United States District Court, W.D. Arkansas, Texarkana Division
May 23, 2008
CASE NO. 4:07-CV-4104 (W.D. Ark. May. 23, 2008)

Opinion

CASE NO. 4:07-CV-4104.

May 23, 2008


MEMORANDUM OPINION AND ORDER


Before the Court is a Motion to Dismiss, or, in the Alternative, Motion for More Definite Statement, filed on behalf of Defendant Mountain Valley Spring Company, LLC ("Mountain Valley"). (Doc. 7). Plaintiff Southern Wine and Spirits of Nevada, a division of Southern Wine and Spirits of America, Inc., ("Southern") has responded in opposition. (Doc. 12). Mountain Valley filed a reply to Southern's response. (Doc. 13). Southern filed a surreply to Mountain Valley's reply. (Doc. 14). The matter is ripe for consideration.

I. BACKGROUND

The matter before the Court involves a dispute arising out of a Distributor Agreement (see Doc. 1-2, the "Agreement") entered into by Southern and Mountain Valley in March of 1993. Southern, a Florida corporation, is a leading private distributor of wine and spirits in the United States and in the State of Nevada. Mountain Valley, an Arkansas corporation, entered into the Agreement with Southern to facilitate the distribution of its drinking water products in the State of Nevada. Under the terms of the Agreement, Southern agreed to sell, distribute and promote Mountain Valley drinking water in a seventeen (17) county region in Nevada, which included Las Vegas. The Agreement gave Southern the exclusive right to sell, distribute and promote Mountain Valley drinking water in this region. The Agreement contained an "evergreen clause," which provided that the Agreement was to remain in force until terminated by mutual consent or by default. The parties performed under the Agreement for fourteen (14) years, until 2007, at which time Mountain Valley transferred distributorship rights to an Anheuser-Busch distributor. In response, Southern brings this suit for damages, which is now before the Court on Mountain Valley's motion to dismiss or, in the alternative, for a more definite statement.

II. APPLICABLE LAW

In reviewing Mountain Valley's Motion to Dismiss, the Court assumes as true all factual allegations of the complaint. Bell Atlantic Corp. v. Twombly, 127 S.Ct. 1955, 1964-65, 167 L.Ed.2d 929 (2007); Abels v. Farmers Commodities Corp., 259 F.3d 910, 914 (8th Cir. 2001). "However, the complaint must contain sufficient facts, as opposed to mere conclusions, to satisfy the legal requirements of the claim to avoid dismissal." DuBois v. Ford Motor Credit Co., 276 F.3d 1019, 1022 (8th Cir. 2002). The complaint must "provide a defendant with some indication of the loss and the causal connection that a plaintiff has in mind." Dura Pharmaceuticals, Inc. v. Broudo, 544 U.S. 336, 347, 125 S.Ct. 1627, 161 L.Ed.2d 577 (2005). This Court does not dismiss a complaint pursuant to Fed.R.Civ.P. 12(b)(6) except in the "unusual case in which a plaintiff includes allegations that show, on the face of the complaint, that there is some insuperable bar to relief." Stone Motor Co. v. Gen. Motors Corp., 293 F.3d 456, 465 (8th Cir. 2002).
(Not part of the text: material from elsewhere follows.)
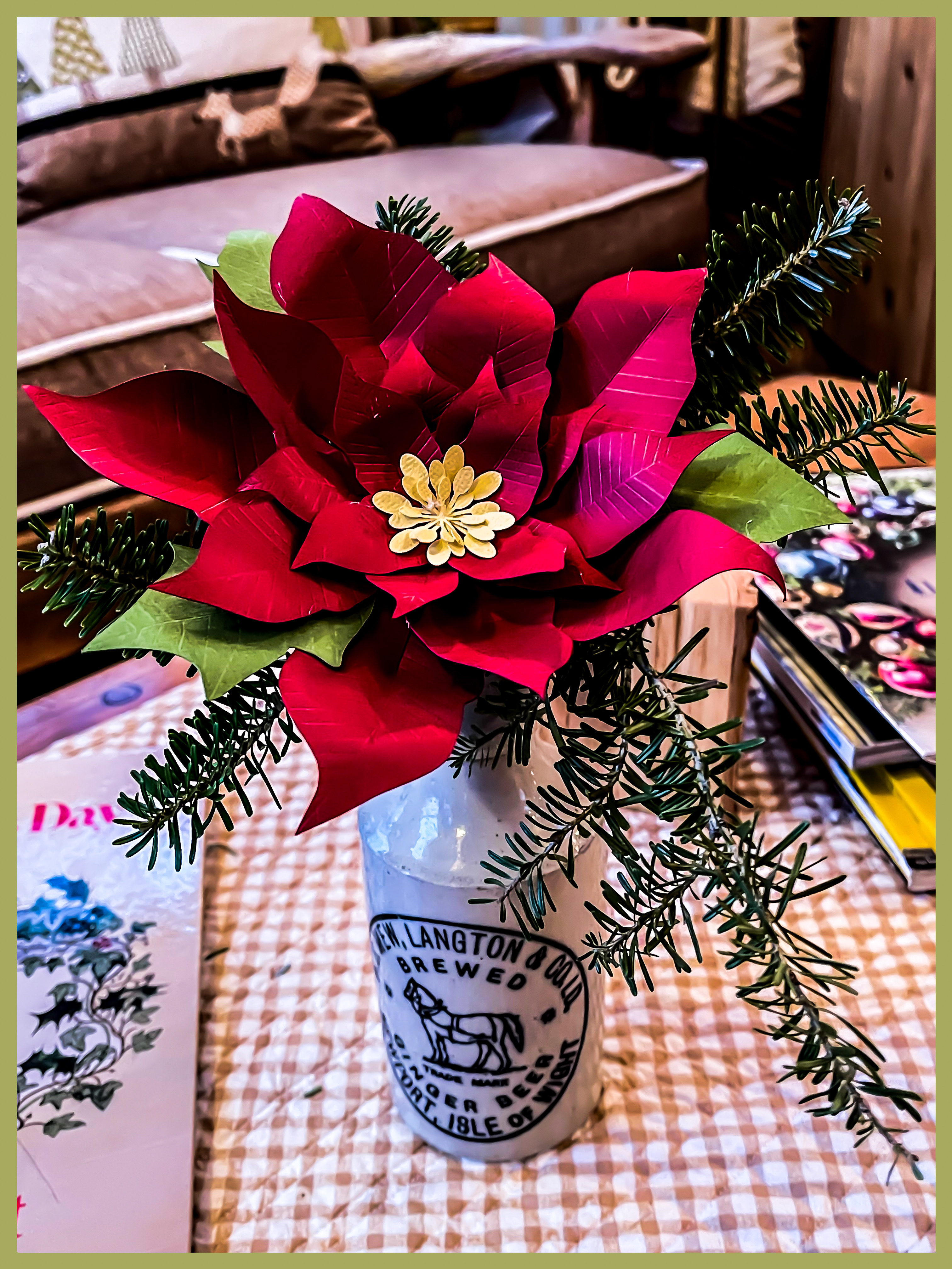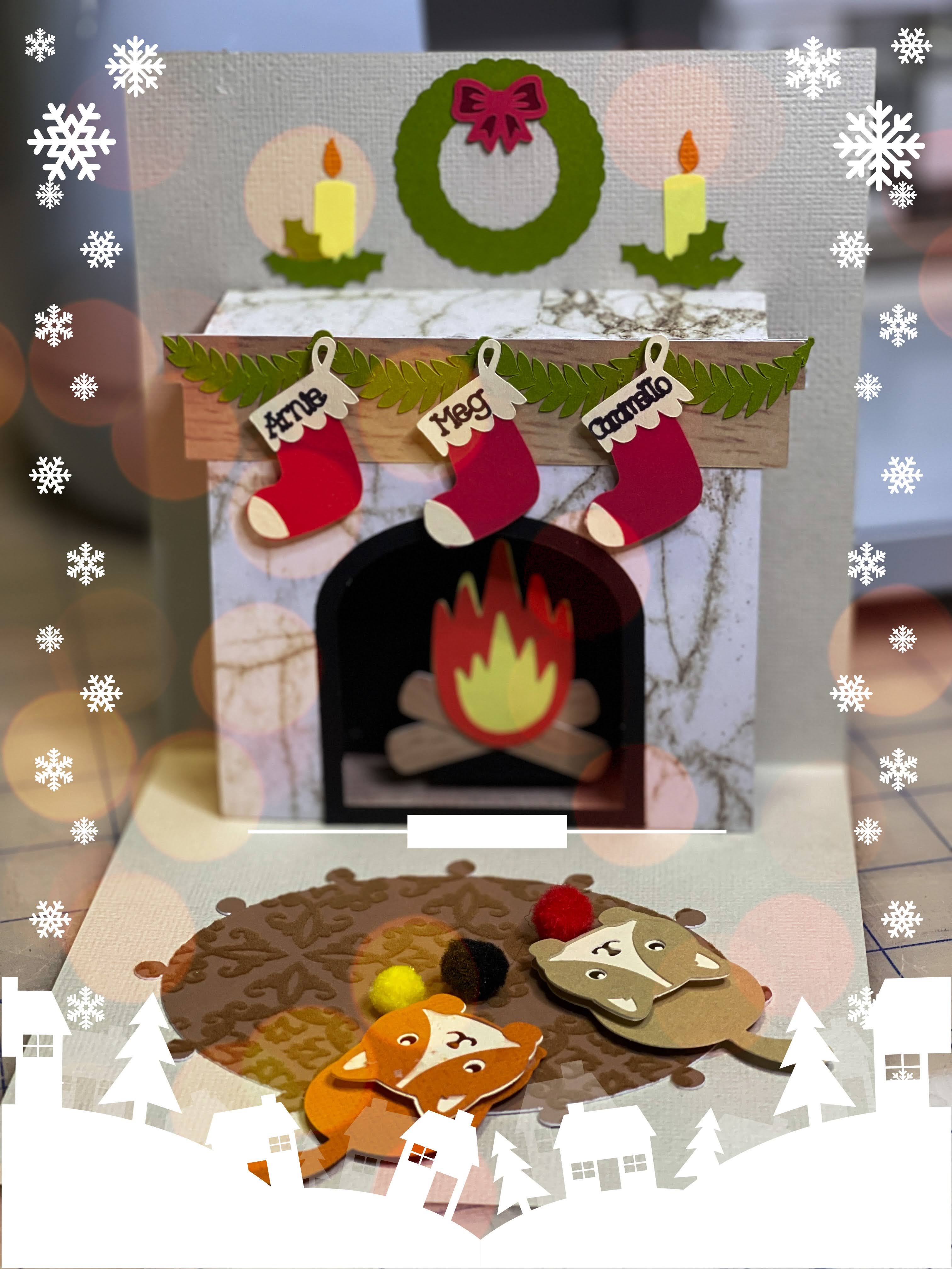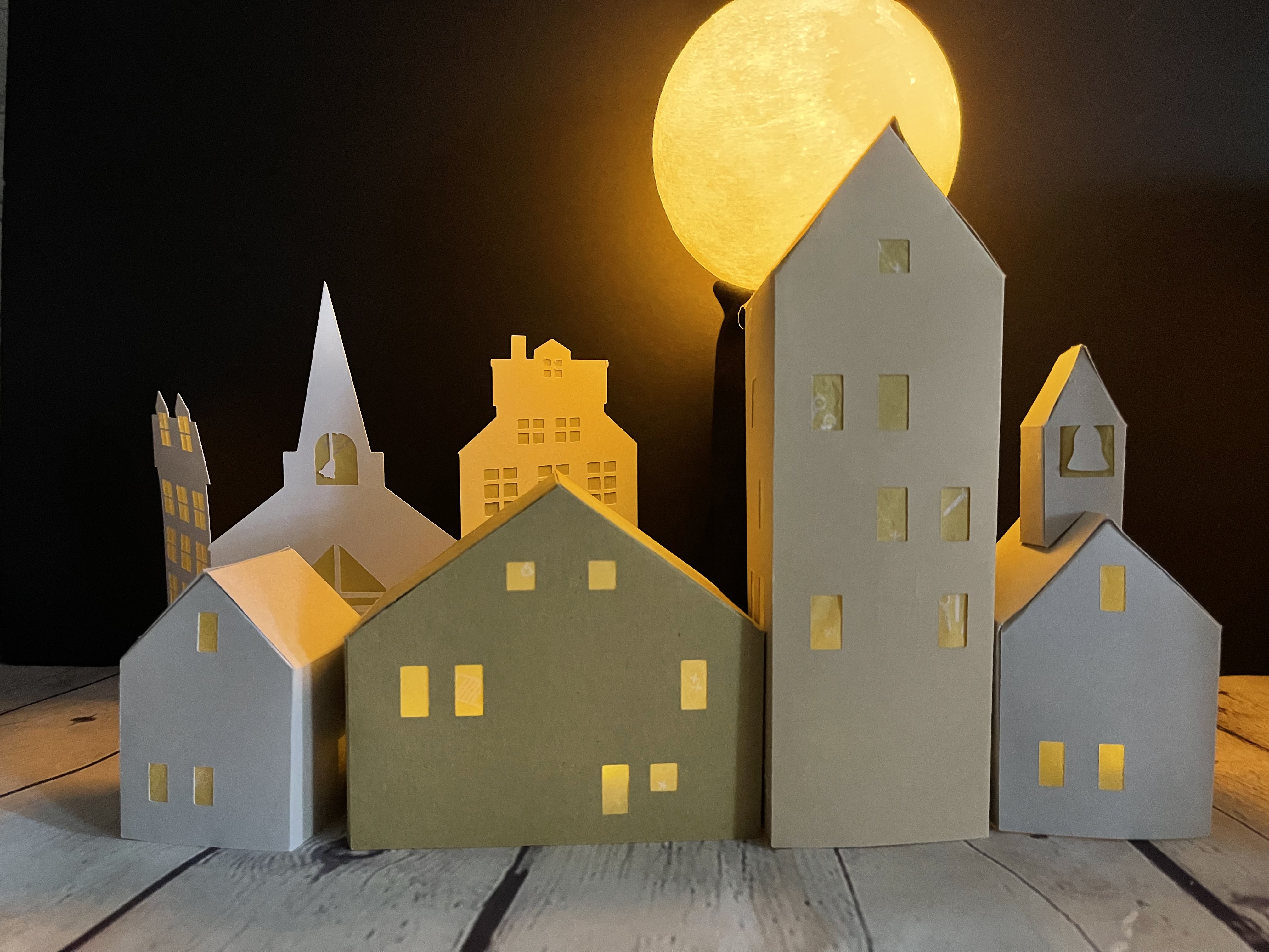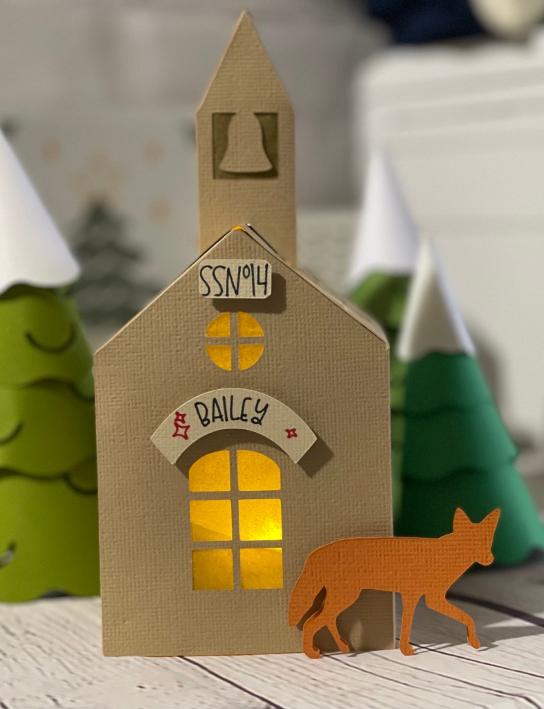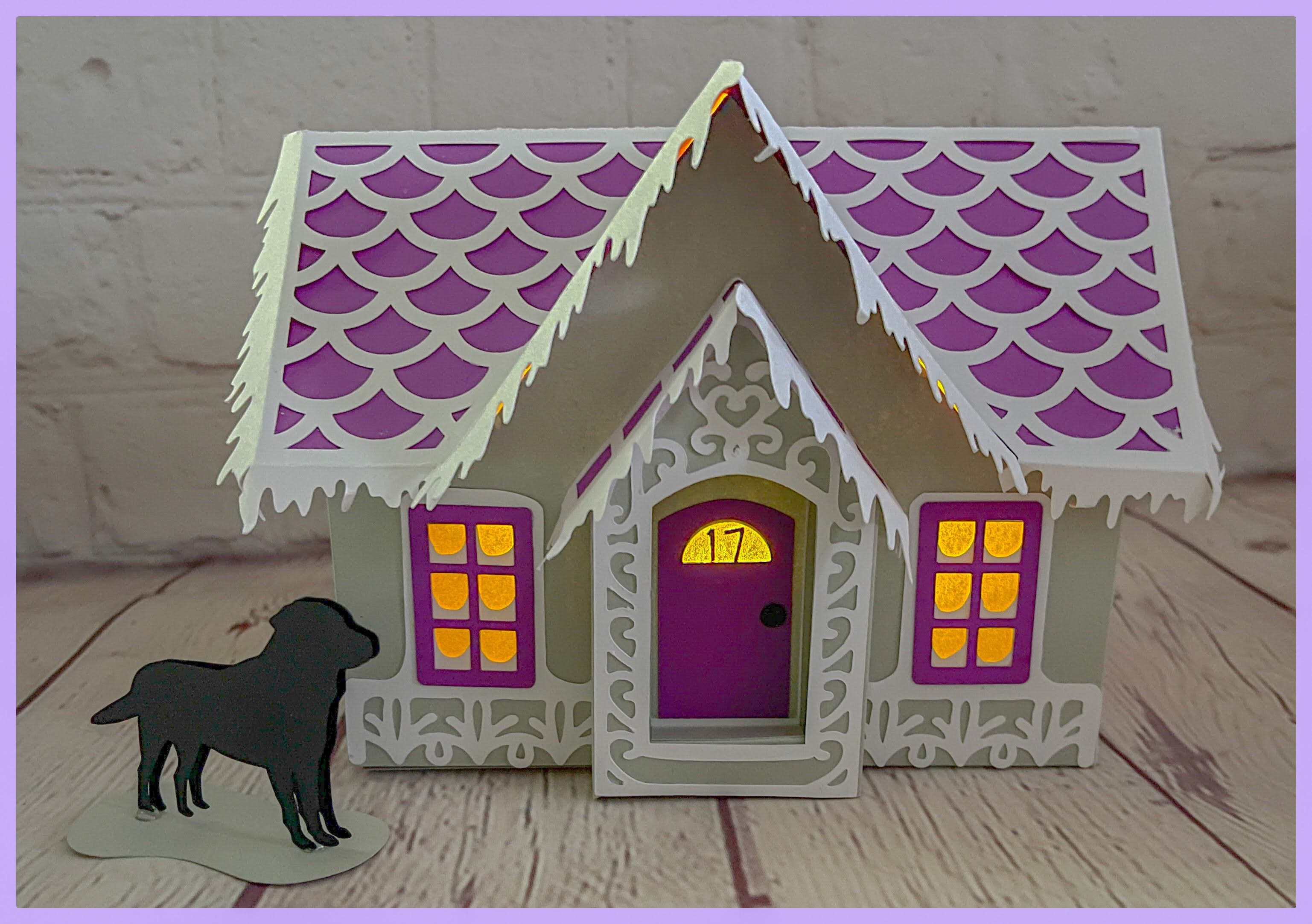A new favourite of mine since my Cricut life began… the paper house. Well, card stock actually. The little windows are lined with tissue paper and a battery operated tea light with timer is set inside to make it glow. A group of buildings with backdrops makes a cozy display at Christmas. Meg made a set, too.

Regarding the motion for more definite statement, Federal Rule of Civil Procedure 12(e) provides, in relevant part: "[i]f a pleading to which a responsive pleading is permitted is so vague or ambiguous that a party cannot reasonably be required to frame a responsive pleading, the party may move for a more definite statement before interposing a responsive pleading." Fed.R.Civ.P. 12(e). A motion for more definite statement is properly granted only where a "major ambiguity or omission in the complaint" renders it "unanswerable." Farah v. Martin, 122 F.R.D. 24, 25 (E.D. Mich. 1988). Motions for more definite statements are disfavored, due to the notice pleading standards of the Federal Rules of Civil Procedure and the availability of liberal and extensive discovery. See, e.g., Weiszmann v. Kirkland and Ellis, 732 F.Supp. 1540, 1549 (D. Colo. 1990). Importantly, motions for more definite statement are not to be used as a substitute for discovery. Castillo v. Norton, 219 F.R.D. 155, 163 (D. Ariz. 2003). Rule 12(e) is designed to strike at unintelligible pleadings, not those merely lacking detail. Id. Mindful of the applicable legal standards, the Court now turns to the substance of Mountain Valley's motion.

III. DISCUSSION

For its first ground for dismissal, Mountain Valley argues that the Agreement precludes Southern's claim for damages. As a result, Mountain Valley argues, Southern's complaint fails to state a claim upon which relief can be granted, and the same should be dismissed under Fed.R.Civ.P. 12(b)(6). Specifically, Mountain Valley argues that Section 8.5 of the Agreement precludes Southern's claim for damages, resulting in a failure to plead the necessary elements for breach of contract under Nevada law. Section 8.5 of the Agreement provides that Mountain Valley "shall not be liable for termination compensation whatsoever based on goodwill established or investments made by [Southern] or otherwise." (Doc. 1-2, pg. 13). In response, Southern highlights the significance of Sections 2.2 and 2.3 of the Agreement, (Doc. 1-2, pgs. 2-3) which set forth the methods of terminating the Agreement, including by written mutual consent or by default, which is defined in later sections.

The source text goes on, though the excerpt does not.